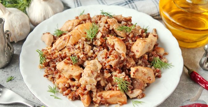 Страва готується за лічені хвилини, а виходить дуже ситною. Обов’язково подавайте її до столу в гарячому вигляді. Гречка з куркою, грибами, сиром та вершками ніжна на смак й ароматна.
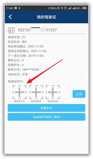 10、接着,返回到“我的驾驶证”页面,点击“上传”。
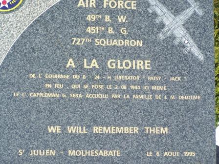 sera acceuilli par la famille de J.M Delolme. Le 6 Aout 1995 = To the glory of the crew of the B-24H Liberator
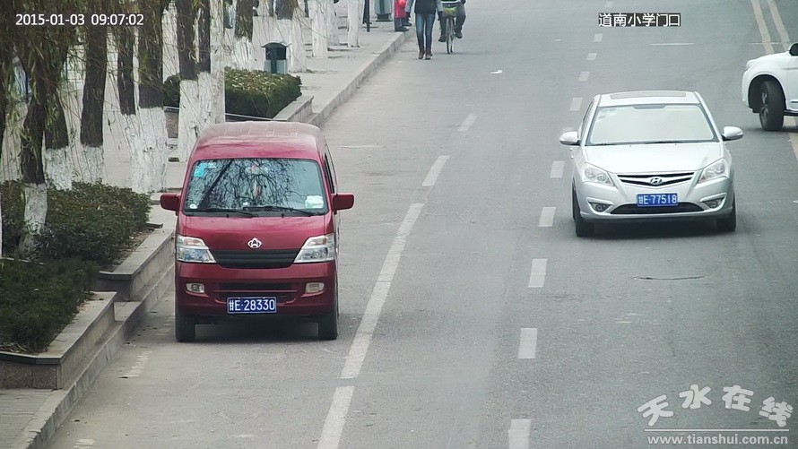 ▲甘E28330(车辆所有人:王建常)于2015年1月3日9时07分在麦积区道南小学门口违法停放,依据《道路交通安全法》第93条第2款、《甘肃省道路交通安全条例》第82条第10项之规定处100元罚款。
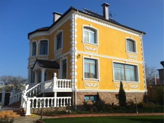 As for building materials, they must be natural or at least their lightweight imitations. It is necessary to paint a facade in the combinations of bright and pastel paints checked by time. To make small details more noticeable, they are visually underlined in white or contrasting with the wall.
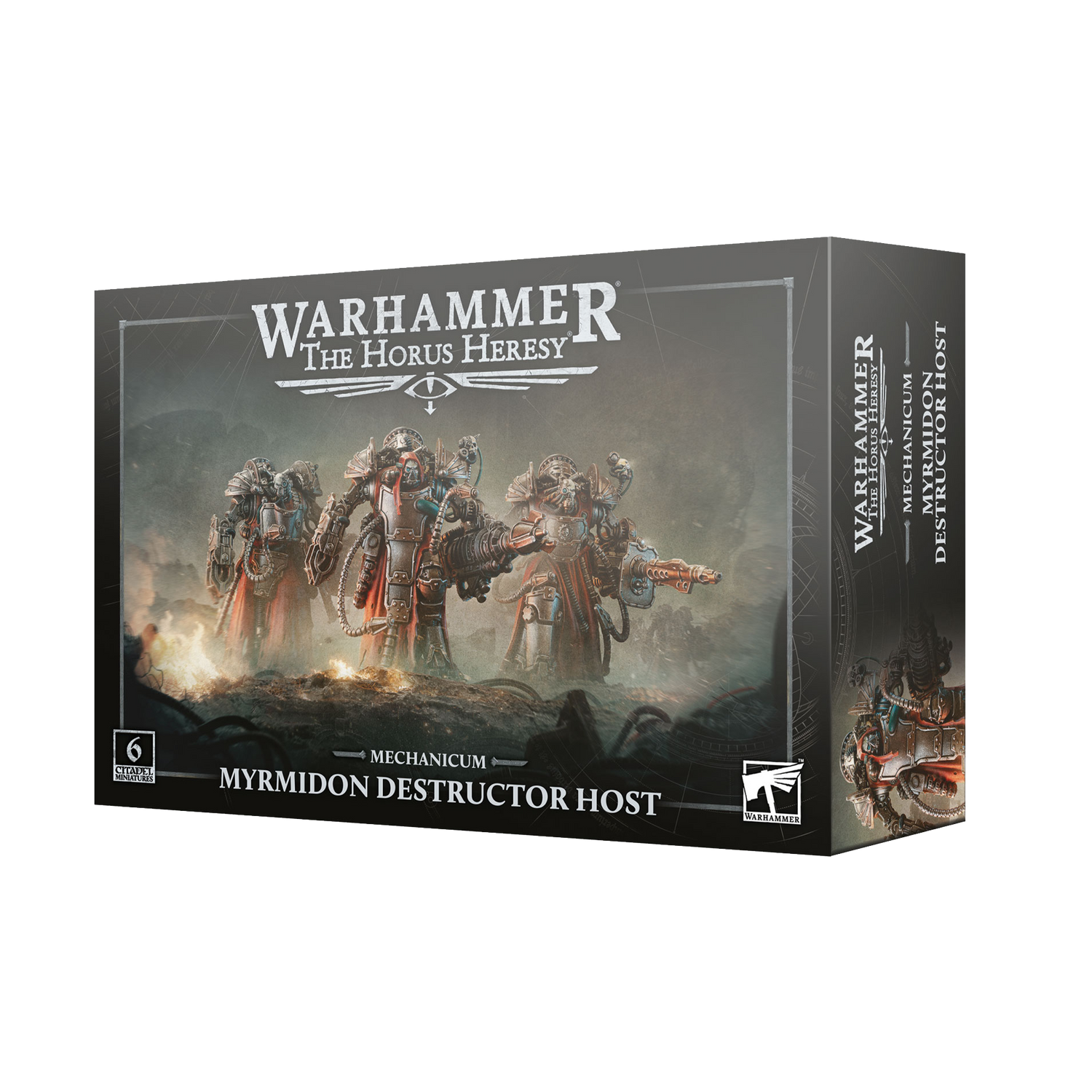 This multipart plastic kit builds six Myrmidon Destructors, elite heavy infantry for your Mechanicum armies in Warhammer: The Horus Heresy. These formidable cybernetic soldiers can be equipped with darkfire cannons for cracking heavy armour or irradiation engines for devastating enemy infantry. When enemies close the distance, they rely on powerful shock chargers to crush their foes in brutal close combat. Tough and heavily armed, this unit provides excellent ranged support while advancing with the rest of your force.
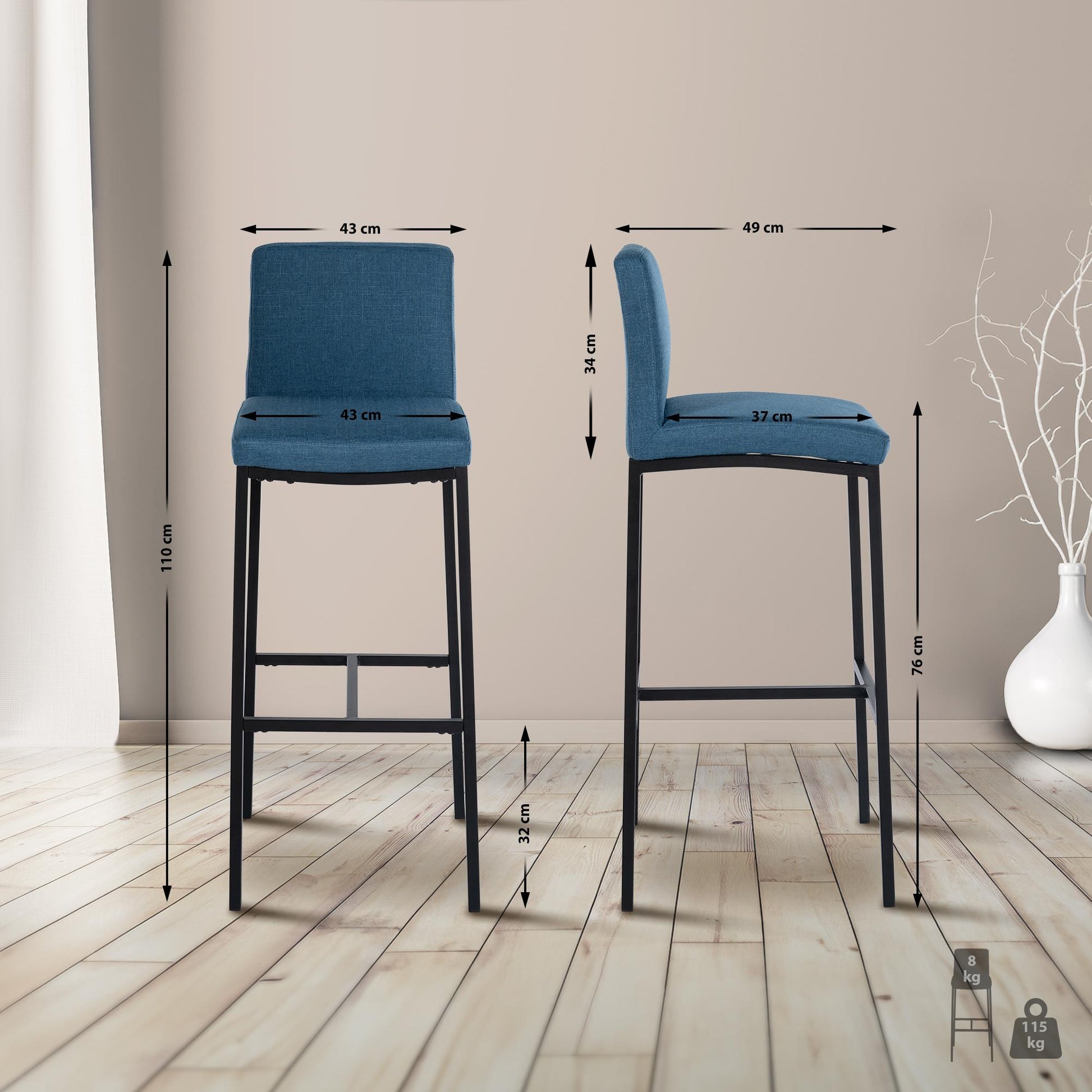 Set van 2 barkrukken, barstoelen, comfortabel en modern design, blauw, stof, eenvoudig te monteren
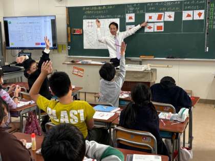 1組は算数の図形の学習です。平行な直線に注目して四角形を分類し、台形や平行四辺形の特徴を考えました。

######

◆ What is being asked:
Repeat word for word the lines above, from the first entry through the line containing "As for building", with both ends kept and the pictures dropped.

◆ Result:
 Страва готується за лічені хвилини, а виходить дуже ситною. Обов’язково подавайте її до столу в гарячому вигляді. Гречка з куркою, грибами, сиром та вершками ніжна на смак й ароматна.
 10、接着,返回到“我的驾驶证”页面,点击“上传”。
 sera acceuilli par la famille de J.M Delolme. Le 6 Aout 1995 = To the glory of the crew of the B-24H Liberator
 ▲甘E28330(车辆所有人:王建常)于2015年1月3日9时07分在麦积区道南小学门口违法停放,依据《道路交通安全法》第93条第2款、《甘肃省道路交通安全条例》第82条第10项之规定处100元罚款。
 As for building materials, they must be natural or at least their lightweight imitations. It is necessary to paint a facade in the combinations of bright and pastel paints checked by time. To make small details more noticeable, they are visually underlined in white or contrasting with the wall.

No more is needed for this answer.